"Effet Trump" et inflation: le nombre de voyages organisés aux États-Unis depuis la France a chuté en 2025 et cette tendance se poursuit en 2026, selon les tour-opérateurs français, sans que ces chiffres ne soient jusqu'ici corroborés par les données du secteur aérien.
Du 1er novembre 2024 au 31 octobre 2025, les entreprises membres du Syndicat des Entreprises du Tour Operating (Seto) ont enregistré une baisse de 14,6% des "voyages à forfait" - les voyages organisés - de la France vers les États-Unis par rapport à l'année précédente, a indiqué le Seto jeudi lors d'un point presse.
Au 31 décembre 2025, les réservations vers les États-Unis pour l'été 2026 étaient même en baisse de plus de 29%.
"Il y a un effet Trump, on va pas le nier", a affirmé devant la presse Patrice Caradec, le président du Seto, pour qui "on ne peut pas dire que Trump soit le meilleur ambassadeur du tourisme aux États-Unis".
Depuis son retour à la Maison-Blanche, le président américain et son administration ont régulièrement rudoyé les Européens, avec pour dernier épisode en date la volonté affichée de s'emparer du Groenland, territoire autonome danois.
Plus spécifiquement, l'administration Trump mène une politique peu incitative pour les touristes et a récemment déclaré vouloir exiger des visiteurs étrangers exemptés de visas - parmi lesquels figurent les Français - qu'ils fournissent l'historique de leurs activités sur les réseaux sociaux depuis cinq ans.
Mais ce n'est pas la seule cause de cette baisse de fréquentation, ni même la plus importante, estime Patrice Caradec, notant par ailleurs que "la politique" n'avait "jamais empêché les Français d'aller à Cuba (...), en Chine, ou au Vietnam".

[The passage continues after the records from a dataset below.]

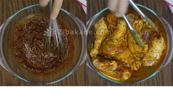 بال و کتف ها را داخل مواد بغلتانید سپس آنها را روی سینی فر بچینید .
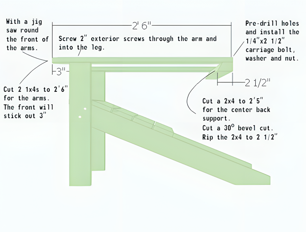 (2×4) Leg, Seat Support, Center Back Support, Bottom Back Support | 2 | 8’ |
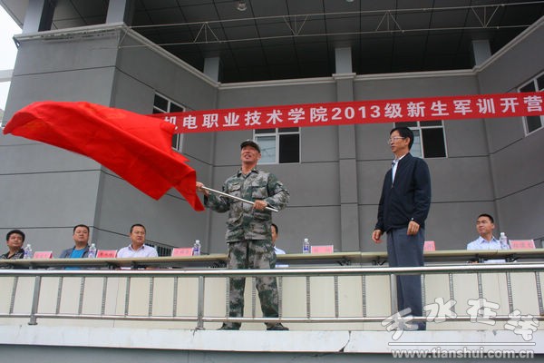 在莊嚴而隆重的升旗儀式后,團委書記王曉東宣布了本次軍訓的機構設置,張德龍副院長宣讀《甘肅機電職業(yè)技術學院軍訓優(yōu)秀連隊、優(yōu)秀學員評選辦法》,2013級新生軍訓學員徐立鑫代表全體參訓新生發(fā)言。
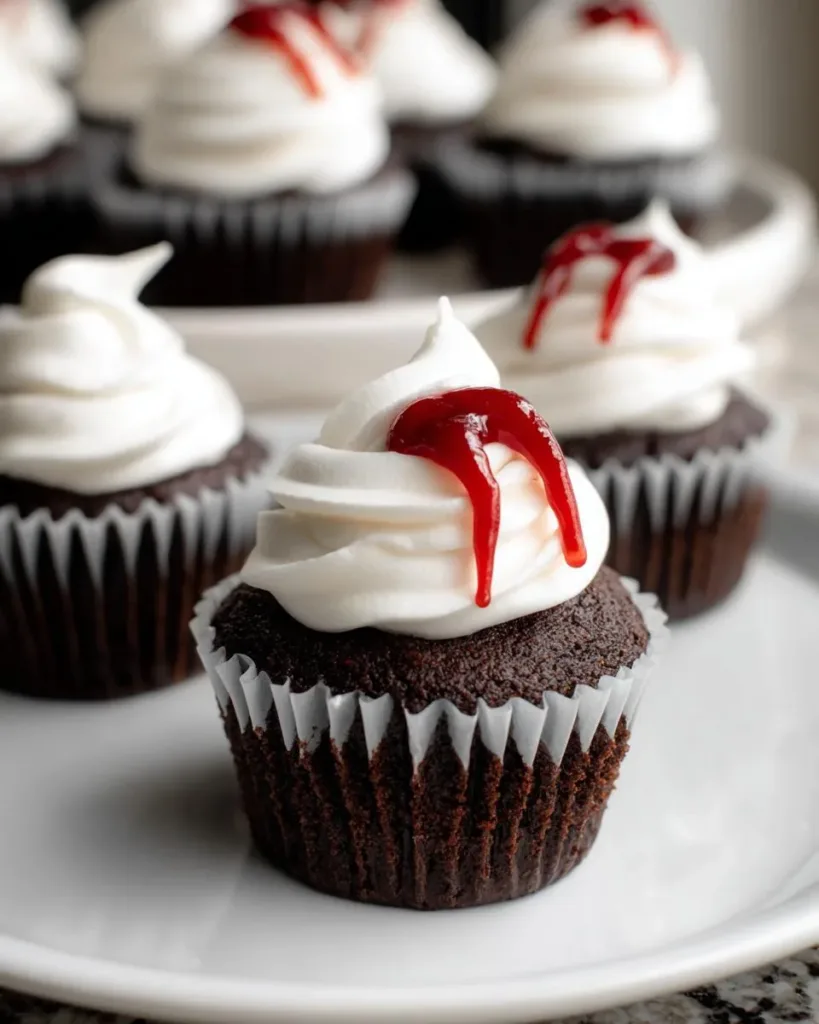 Simple, elegant, and just a little bit sinister, these cupcakes prove that sometimes less is more. Perfect for a more sophisticated Halloween gathering, these Vampire Bite Cupcakes are wonderfully easy to create. The key is a pristine canvas of fluffy white frosting—vanilla or cream cheese works beautifully. Once frosted, use the end of a chopstick or a piping tip to create two small indentations. Then, carefully place a drop of red food gel or raspberry sauce into the “bite marks” and let it drip ever so slightly. The result is a chillingly realistic and delicious treat.

"L'augmentation des prix" aux États-Unis est selon lui centrale: "trouvez-moi un petit-déjeuner à moins de 40 dollars (par personne)", a déclaré le président du Seto pour illustrer ce qu'il considère comme un frein au tourisme, alors que "le vacancier français a un budget très contraint".
- Pas d'impact "à ce stade" pour Air France -
Un budget qui risque aussi d'être mis à l'épreuve par la décision de l'administration de très fortement augmenter les tarifs d'admission dans les parcs nationaux les plus populaires, comme celui du Grand Canyon, pour les non-résidents.
Le secteur aérien affirme pour sa part ne pas voir de signe net d'une désaffection des lignes nord-atlantiques, incluant les voyages d'Europe vers les États-Unis, mais aussi dans l'autre sens, où les Américains bénéficient a contrario de changes favorables.
"Nous n'avons vu aucun impact sur le nombre de mouvements d'avions" entre le Vieux Continent et les États-Unis en 2025, a indiqué jeudi Claire Leleu, responsable des prévisions de l'organisme de surveillance du trafic aérien Eurocontrol, lors d'une visioconférence sur le bilan de l'année dernière, en expliquant que le trafic sur ces routes avait crû de 3% par rapport à 2024.
Cette progression a néanmoins été inférieure à la tendance générale de 4,1%, qui a permis au secteur aérien européen de retrouver l'année dernière ses niveaux de trafic d'avions de 2019, pour la première fois depuis la pandémie.
"A ce stade on ne voit pas d'impact" sur les réservations de l'été 2026, a indiqué également la directrice générale d'Air France Anne Rigail, en marge d'une cérémonie de voeux du groupe Air France-KLM mercredi soir, tout en concédant que son entreprise surveillait la situation de près.
La compagnie aérienne, qui a développé de nouvelles lignes ces dernières années vers les États-Unis, a noté en 2025 des périodes de "baisse significative de la demande" en classe économique, mais cette tendance a "généralement été compensée par la bonne santé des classes avant" plus luxueuses, a-t-elle développé.
"Il y a eu une croissance très, très forte sur le corridor transatlantique, en particulier d'Amérique du Nord vers l'Europe" en 2025, a souligné pour sa part Michael Stanton-Geddes, chef économiste de l'association d'aéroports européens ACI Europe, lors de la visioconférence d'Eurocontrol.
Mais pour 2026, "il faut que nous prenions en compte les risques, et on peut regarder ce qui s'est passé avec le tourisme canadien aux États-Unis" l'été dernier, une baisse de quelque 30% dans la foulée d'une rhétorique agressive de M. Trump envers son voisin septentrional, a-t-il remarqué.